What you will do: Without changing a word, repeat the data, and include no pictures.

Data:
──────────

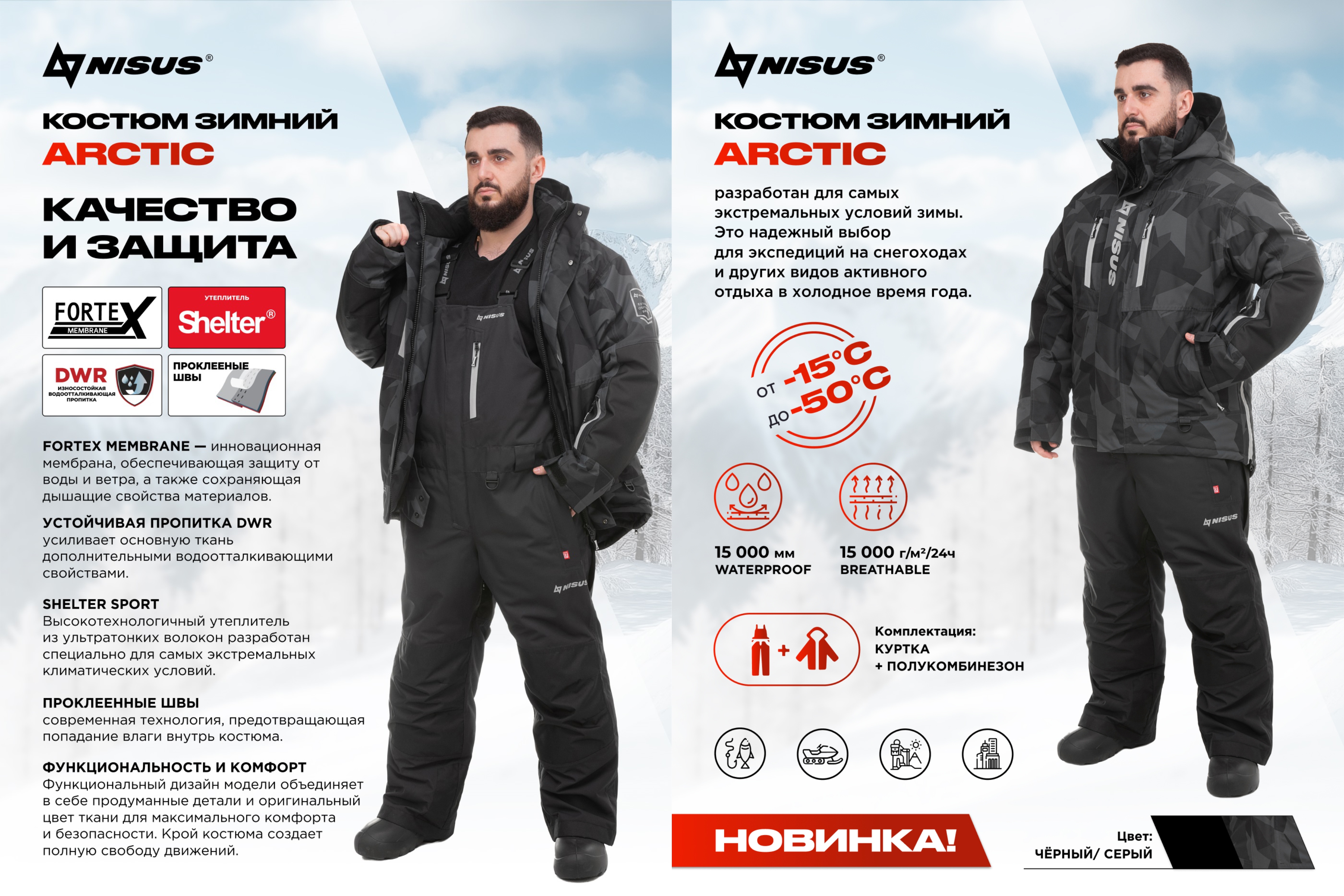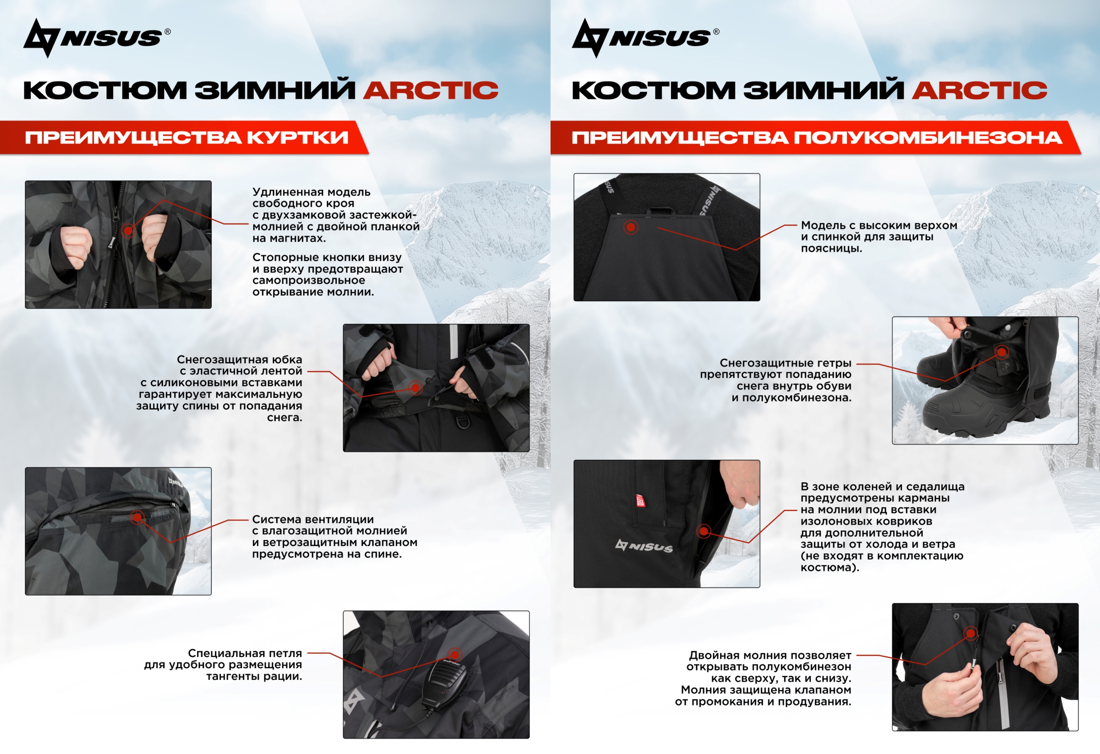 Костюм ARCTIC бренда NISUS — это пример современного подхода к созданию специализированной одежды с учетом экстремальных погодных условий. Костюм сочетает в себе функциональность, технологические инновации и современный дизайн.
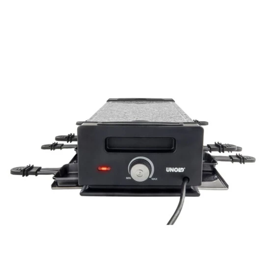 Mit dem Raclette Finesse Basic kommt kulinarische Vielfalt für bis zu acht Personen auf den Tisch. Denn außer den acht antihaftbeschichteten Pfännchen sowie auch acht Kunststoffspateln gehören zwei Grillplatten zur Ausstattung: eine aus Naturstein und eine wendbare aus Druckguss-Aluminium mit glatter bzw. geriffelter Oberfläche. Ausgestattet mit einer hochwertigen Greblon-Antihaftbeschichtung ist diese bequem zu reinigen. Ob Käse zart schmelzen, Steaks scharf angebraten oder Gemüsescheiben gegrillt werden sollen: Mit 1200 W sorgt die stufenlose Temperaturregelung mit Kontrollleuchte immer für die perfekte Hitzeentwicklung des Heizelements aus Edelstahl. Praktisch ist die ausziehbare Edelstahl-Pfännchenablage: Auf ihr können bei einer Raclette-Pause die Pfännchen abgestellt werden. Auf den Antirutschfüßen hat das Raclette mit integrierter Kabelaufbewahrung immer einen sicheren Stand.
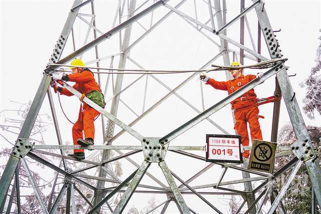 2月2日,国网重庆丰都供电公司输电运维班的电力巡线工人正在监测输电线路覆冰情况。连日来,重庆气温持续走低,在平均海拔达1800米的丰都县南天湖镇,部分高海拔区域出现雨夹雪,局地暴雪。通讯员 罗一灵 摄/视觉重庆

──────────

Final answer:
 Костюм ARCTIC бренда NISUS — это пример современного подхода к созданию специализированной одежды с учетом экстремальных погодных условий. Костюм сочетает в себе функциональность, технологические инновации и современный дизайн.
 Mit dem Raclette Finesse Basic kommt kulinarische Vielfalt für bis zu acht Personen auf den Tisch. Denn außer den acht antihaftbeschichteten Pfännchen sowie auch acht Kunststoffspateln gehören zwei Grillplatten zur Ausstattung: eine aus Naturstein und eine wendbare aus Druckguss-Aluminium mit glatter bzw. geriffelter Oberfläche. Ausgestattet mit einer hochwertigen Greblon-Antihaftbeschichtung ist diese bequem zu reinigen. Ob Käse zart schmelzen, Steaks scharf angebraten oder Gemüsescheiben gegrillt werden sollen: Mit 1200 W sorgt die stufenlose Temperaturregelung mit Kontrollleuchte immer für die perfekte Hitzeentwicklung des Heizelements aus Edelstahl. Praktisch ist die ausziehbare Edelstahl-Pfännchenablage: Auf ihr können bei einer Raclette-Pause die Pfännchen abgestellt werden. Auf den Antirutschfüßen hat das Raclette mit integrierter Kabelaufbewahrung immer einen sicheren Stand.
 2月2日,国网重庆丰都供电公司输电运维班的电力巡线工人正在监测输电线路覆冰情况。连日来,重庆气温持续走低,在平均海拔达1800米的丰都县南天湖镇,部分高海拔区域出现雨夹雪,局地暴雪。通讯员 罗一灵 摄/视觉重庆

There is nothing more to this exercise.